Il rapporto tra fondi e lavoro è un rapporto importante, non è semplice, naturalmente, utilizzare i fondi Europei come sappiamo, perché troppo spesso, poi, l’Europa interviene negando alcune politiche che si possono mettere in atto, però è evidente che il lavoro si sviluppa laddove ci sono infrastrutture, laddove, per esempio, le imprese possono trovare quel contesto sociale, economico, di sicurezza e di sviluppo che invece, purtroppo, nel Mezzogiorno d’Italia non trovano. Non sta a me ricordare la FIAT di Termini Imerese che in qualche modo era diventata un po’ una storia che ciascuno raccontava; cioè l’impossibilità di trasferire poi le macchine nel continente. Quando parliamo del continente non ci riferiamo, chiaramente, all’Italia, ma a tutta l’Europa. Quindi è chiaro che i fondi comunitari se creano sviluppo, lo sviluppo, poi, automaticamente crea occupazione, e in particolare per il Mezzogiorno. Qualche giorno fa abbiamo visto i dati messi in campo dall’ISTAT, che il Governo in qualche modo ha utilizzato per dire che il “Jobs act” funziona. Noi diciamo che il “Jobs act” funzionerà quando non saremo solo in grado di trasformare i contratti di lavoro, per carità, da precari a tempo indeterminato, seppure a tutele crescenti, ma il “Jobs act” funzionerà quando ci saranno pure le condizioni di contesto perché le Imprese ricomincino a creare prodotti, quindi, a creare occupazione.

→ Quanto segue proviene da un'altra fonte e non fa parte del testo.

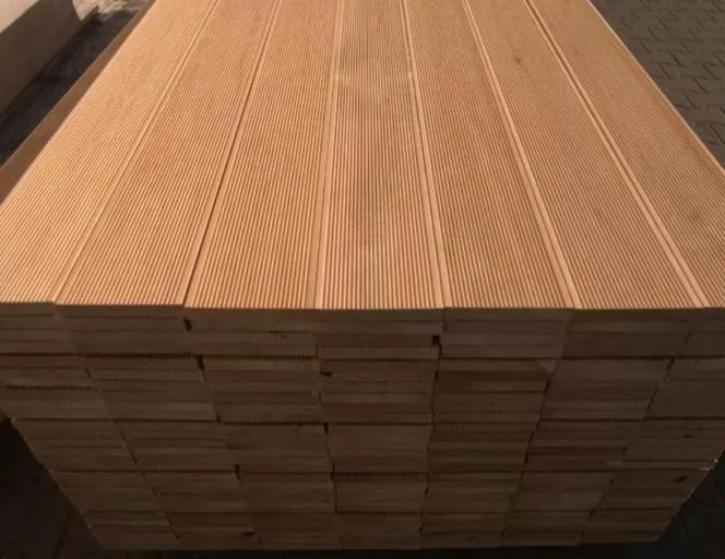 Rovnaký materiál je možné použiť na fasádu a terasu. Pôjde o tradičné dosky s rovnými stranami a zaoblenými, mierne profilovanými alebo ostro zrezanými rohmi. Sú hrubé 2,4-3 cm a široké asi 10-15 cm. Dĺžka hriadeľa závisí od výrobcu. Väčšina má 2-3 metre, ale nájdeme aj 5-metrové. Dosky sibírskeho smrekovca, fasádne aj terasové, môžu byť hladké alebo drážkované, teda s drážkami. Môžete si vybrať z tenkých a hustých drážok alebo hrubších, ale menej často vyrábaných. Drážkovanie môže byť jednostranné alebo hore a dole.

Secondo lei la politica nazionale può fare di più per migliorare le condizioni della Sicilia e del Sud in generale?

Io penso che la politica deve fare di più. Non voglio aprire una polemica in questo momento, ma per esempio, la Sicilia è divisa ancora in due. Da quando ci fu il famoso crollo del viadotto, ormai sono passati diversi mesi, io ho visto ed ascoltato il ministro delle infrastrutture; lo stesso Premier, prendere impegni che ancora, mi pare, non siano mantenuti. Quindi è evidente che dalla politica degli “slogan” il Governo deve passare ad una politica che metta veramente in campo quelle azioni che troppo spesso rimangono, poi, nei “Tweet” del Presidente del Consiglio.